Signal-to-Noise Ratio

By: Peggy Nelson
August 12, 2010

A noise by any other name would sound as — signal. If your house is on fire a siren is a signal; but if not, it’s simply noise that wakes you up at 2am. Signal and noise are terms of relative relevance — once we have determined our focus, essential and superfluous claim their own. But these are fluid categories; as focus shifts, so too its subjects. In the audioscape this is literally true; signal and noise are sounds. In the infoscape this is literally everything, as signal and noise shift swiftly to metaphor.

New research from Massachusetts General Hospital suggests that some people are able to sleep soundly because their brain rhythms react in patterns of “spindles,” which seem to block noise. Spindles seem to be interpreters as well as guards — should I jump out of bed, be instantly alert, or should I just roll over and drift back into REM? Spindle activity is thick in the sound sleepers, and more so in a noisy environment; while in light sleepers, it is lacking.

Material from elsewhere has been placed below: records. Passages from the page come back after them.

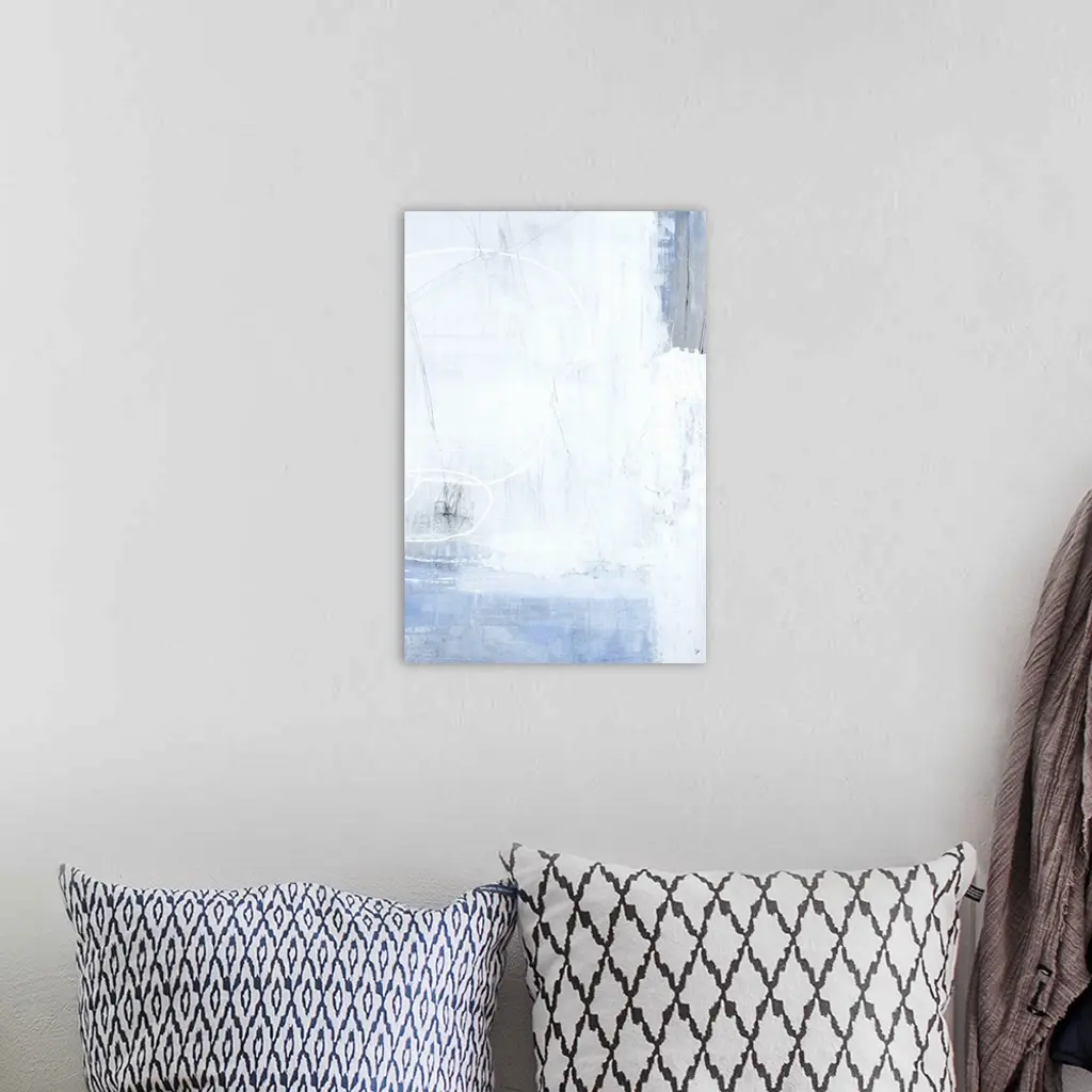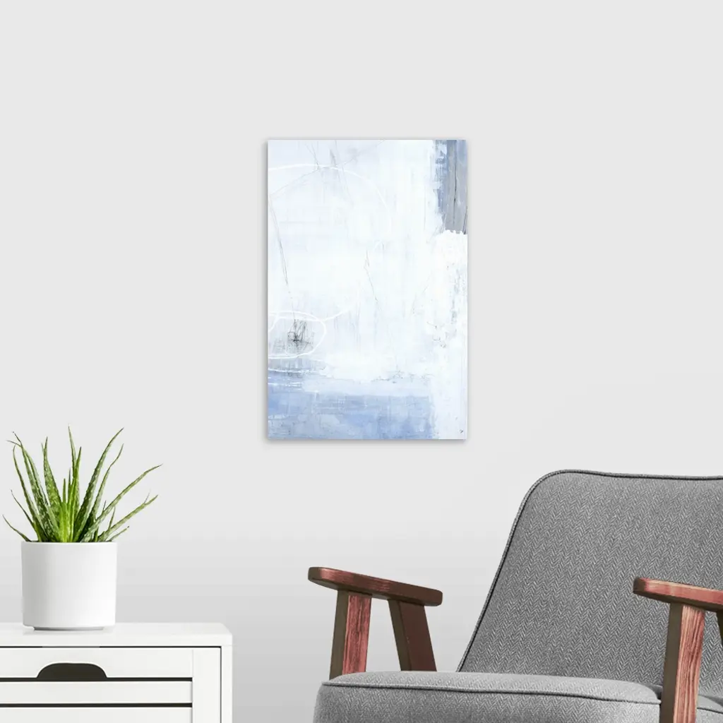 A long vertical painting of washed colors of gray and blue with dripped paint textures and swirled brush strokes.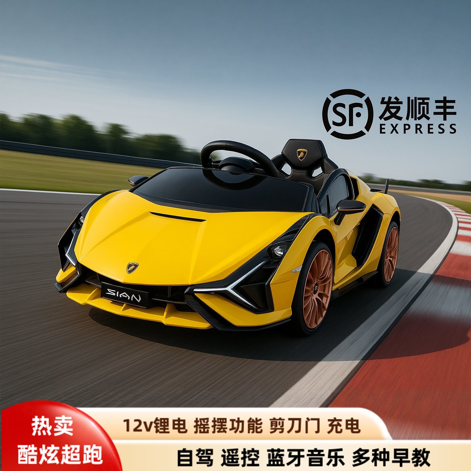 兰博基尼儿童电动车四轮汽车遥控玩具车可坐人小孩带摇摆宝宝童车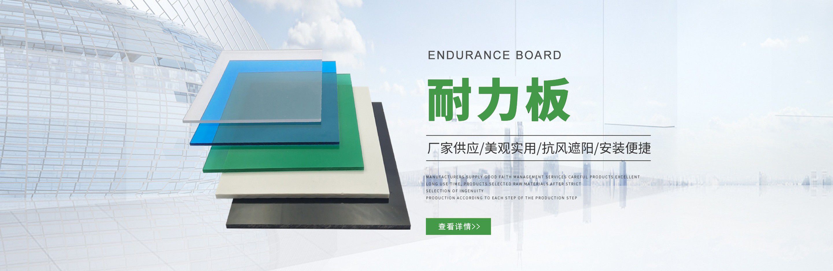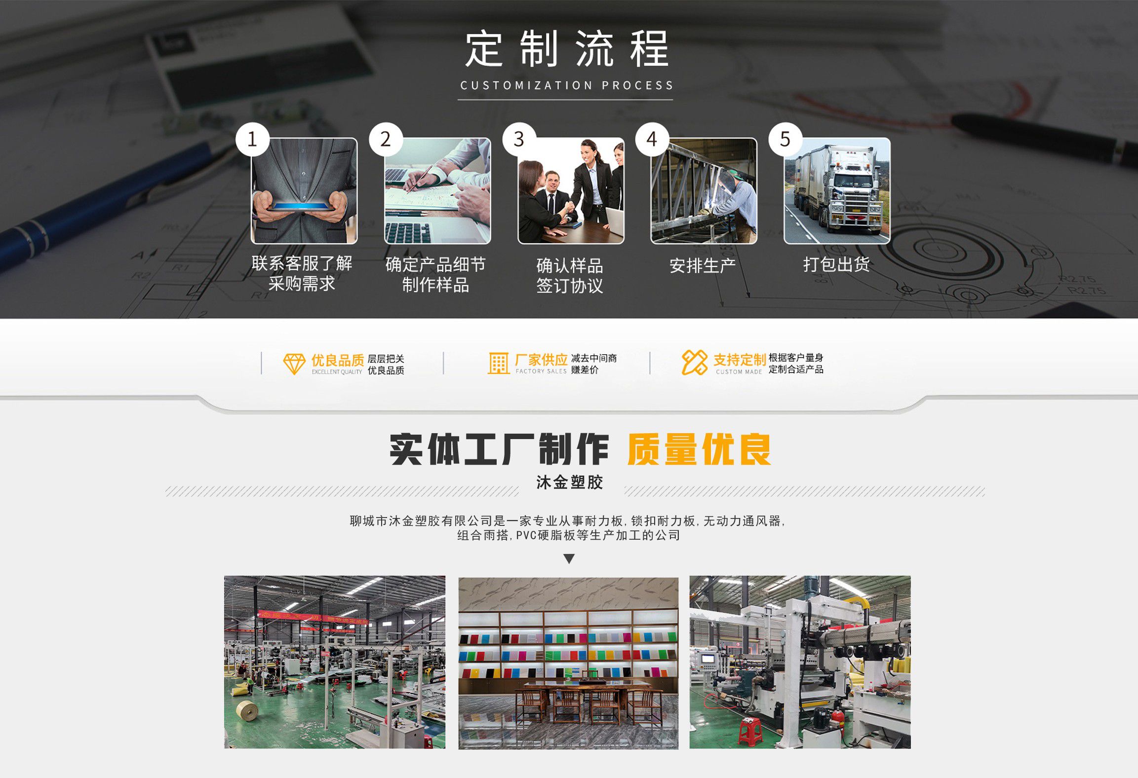 聊城市沐金塑膠有限公司注冊資金2180萬元,占地20000余平方,擁有自建廠房15000平方,員工100余名。10余年來,公司主營耐力板,鎖扣耐力板,耐力板深加工,無動力通風器,組合雨搭,PVC硬脂板,耐力板廠家等板材的發展戰略,逐漸成長為綜合性企業。 公司擁有多條板材共擠生產線,采用世界知名品牌進口原材料和先進工藝,依據完善的ISO9001質量管理體系和ISO14001環境管理體系,為產品的卓越品質提供了強有力的保證。憑借過硬的創新能力和堅實的硬件基礎,贏創已成為國內領先的熱塑性板材生產商,產品被廣泛應用于建筑業、農業、工業、廣告業、安防行業及DIY領域。 公司始終致力于通過提供最優的板材應用解決方案,為客戶創造最高的價值;堅守創新、質量、靈活、服務和速度的核心價值觀;堅持“完美的產品需要完美服務的支持”的經營理念,努力實現成為世界領先的板材與解決方案供應商的夢想。 在未來,公司將立足客戶需求,不斷改變和完善現有產品,拓展產品線和充分開發板材的應用領域,為客戶創造全方位的價值。同時更好地實現員工的價值,實現公司團隊的價值。我們將與您一起創贏未來! 企業使命:成為世界領先的板材與解決方案供應商。 公司愿景:通過提供最優的板材應用解決方案,為客戶創造最高的價值。 核心價值觀:質量...

And some sleepers are perhaps just more efficient. Sleeping Beauty needed only a single spindle to send her to sleep for a hundred years.

Metaphorically, this is an interpretive stance. Spindles may be blocking noise, but what they are doing is not dampening your eardrums; they are interpreting an interruption as sound without significance, as not worth wakefulness or reaction. In effect, spindles are not changing the sound, nor its transmissable vibrations, they are changing its category, shifting it from signal to noise, from meaning to meaningless.

And if they can do this with sounds, one wonders: what about everything else? Signal and noise shift at the behest of outrageous fortune. What keeps you up at night is perchance an idea, not a sound. Might these spindles be deployed to convert signals no longer desired as such, back into merciful, meaningless noise? The world forgetting, by the world, forgot.”

The fairy tale was not the spindle, nor the wooded sleep; we see that now revealed as science. But the tapestry for which these spindled threads are destined has yet to be woven.